- Brief
For this task, output exactly the lines of the material below starting at the line with "When I got it, it" and ending at the line with "He that walketh"; pictures are to be excluded.

- Records for this exercise
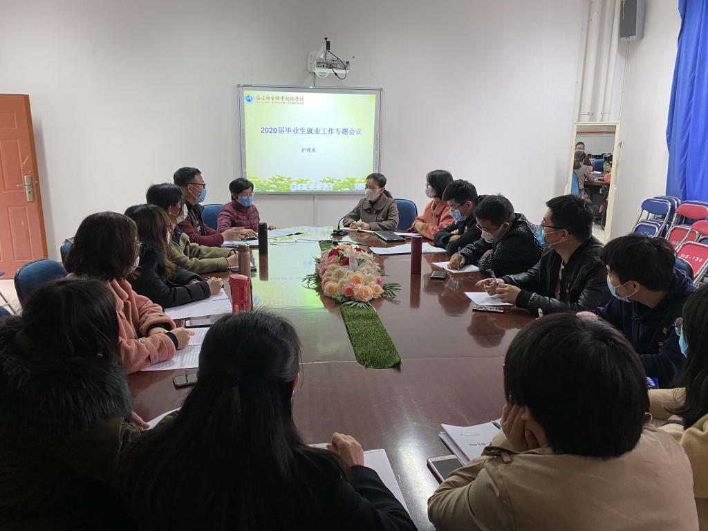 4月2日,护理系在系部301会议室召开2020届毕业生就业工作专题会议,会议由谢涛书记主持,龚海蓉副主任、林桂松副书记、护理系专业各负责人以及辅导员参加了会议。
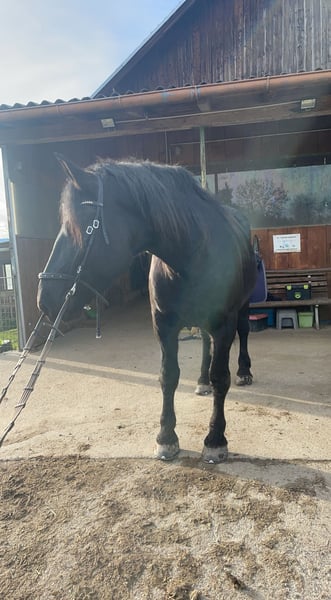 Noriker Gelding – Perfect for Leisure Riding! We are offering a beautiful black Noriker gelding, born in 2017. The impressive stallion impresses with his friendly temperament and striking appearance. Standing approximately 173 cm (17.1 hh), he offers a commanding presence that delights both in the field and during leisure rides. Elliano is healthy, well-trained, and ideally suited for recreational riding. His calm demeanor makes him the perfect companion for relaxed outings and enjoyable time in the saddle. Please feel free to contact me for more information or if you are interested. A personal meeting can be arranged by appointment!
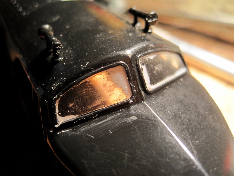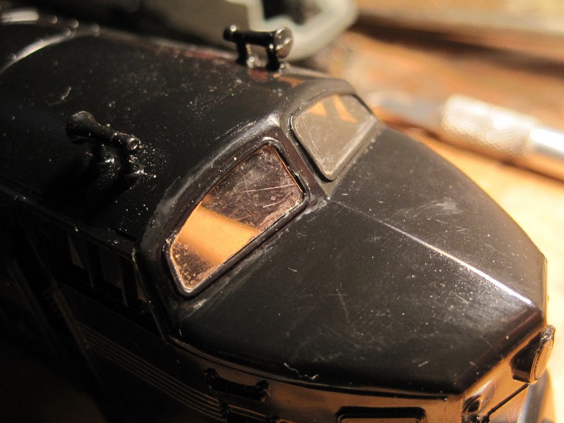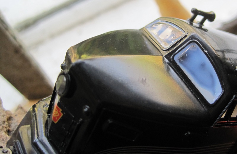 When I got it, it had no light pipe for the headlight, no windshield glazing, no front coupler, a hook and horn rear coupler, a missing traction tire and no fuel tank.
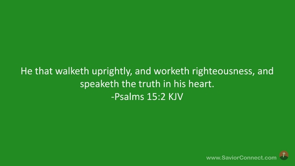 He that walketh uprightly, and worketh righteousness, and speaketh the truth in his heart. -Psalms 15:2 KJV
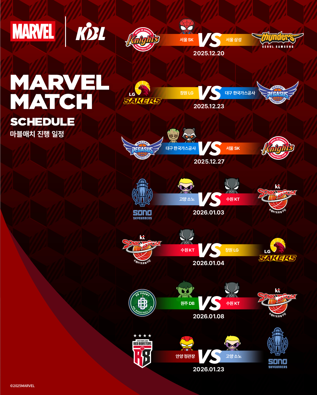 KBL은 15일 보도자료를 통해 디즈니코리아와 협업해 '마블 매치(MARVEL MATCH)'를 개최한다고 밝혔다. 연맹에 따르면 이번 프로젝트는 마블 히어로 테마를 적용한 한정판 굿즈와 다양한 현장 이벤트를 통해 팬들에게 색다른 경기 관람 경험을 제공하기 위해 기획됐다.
==
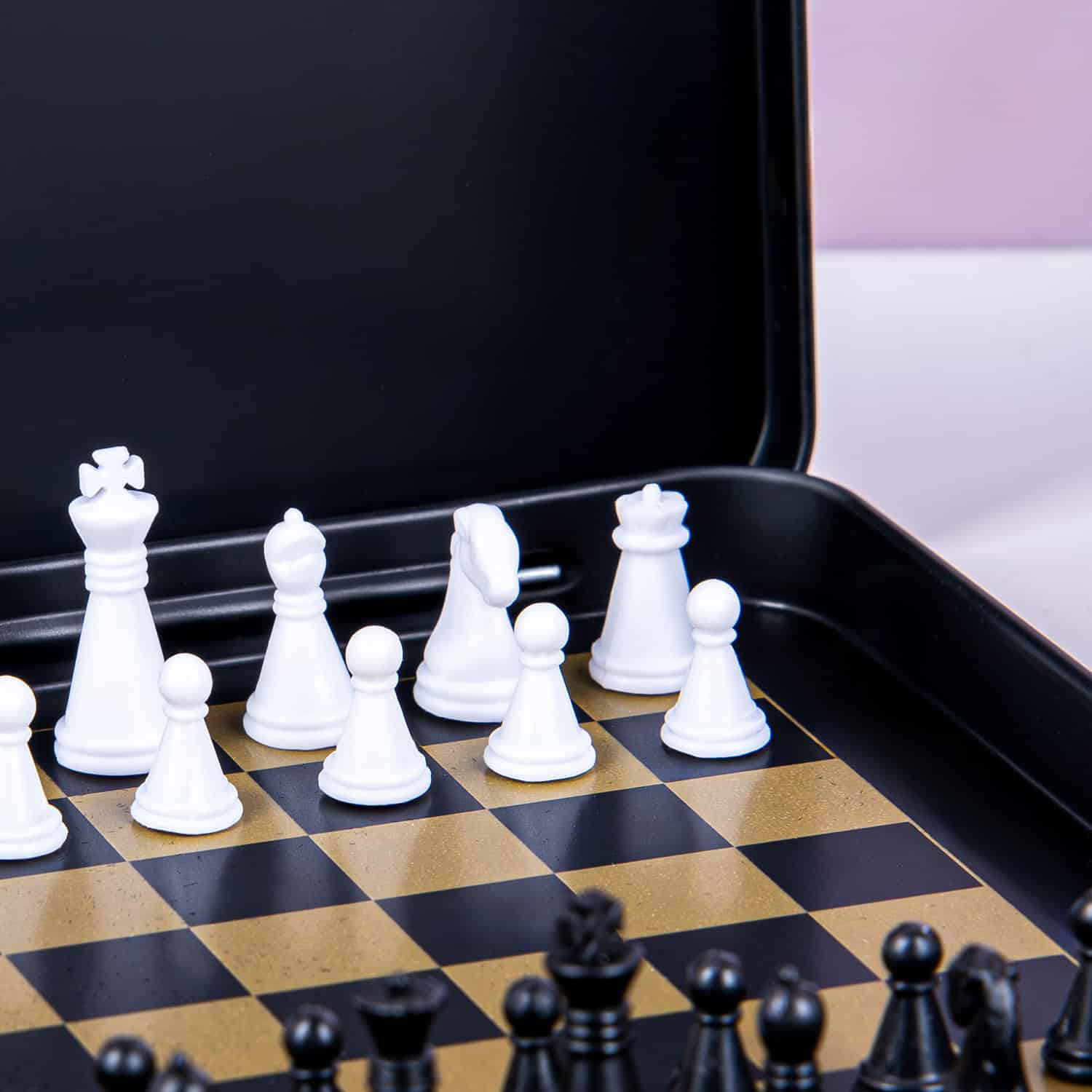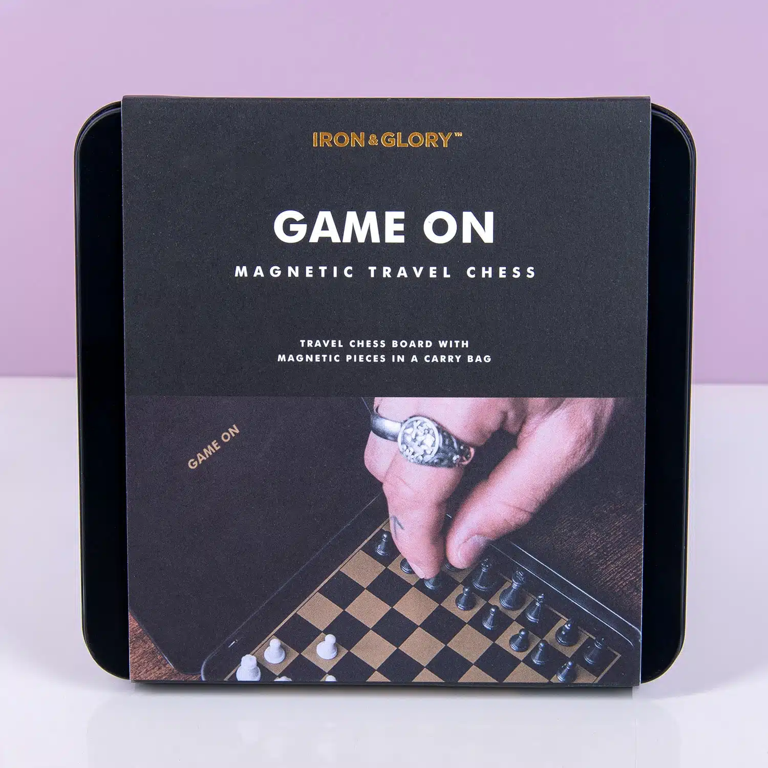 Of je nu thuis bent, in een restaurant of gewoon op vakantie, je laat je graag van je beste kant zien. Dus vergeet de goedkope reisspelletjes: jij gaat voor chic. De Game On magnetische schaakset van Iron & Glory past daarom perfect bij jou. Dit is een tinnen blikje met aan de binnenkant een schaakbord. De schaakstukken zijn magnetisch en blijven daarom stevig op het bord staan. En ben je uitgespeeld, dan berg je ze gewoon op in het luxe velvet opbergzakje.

- Expected answer
 When I got it, it had no light pipe for the headlight, no windshield glazing, no front coupler, a hook and horn rear coupler, a missing traction tire and no fuel tank.
 He that walketh uprightly, and worketh righteousness, and speaketh the truth in his heart. -Psalms 15:2 KJV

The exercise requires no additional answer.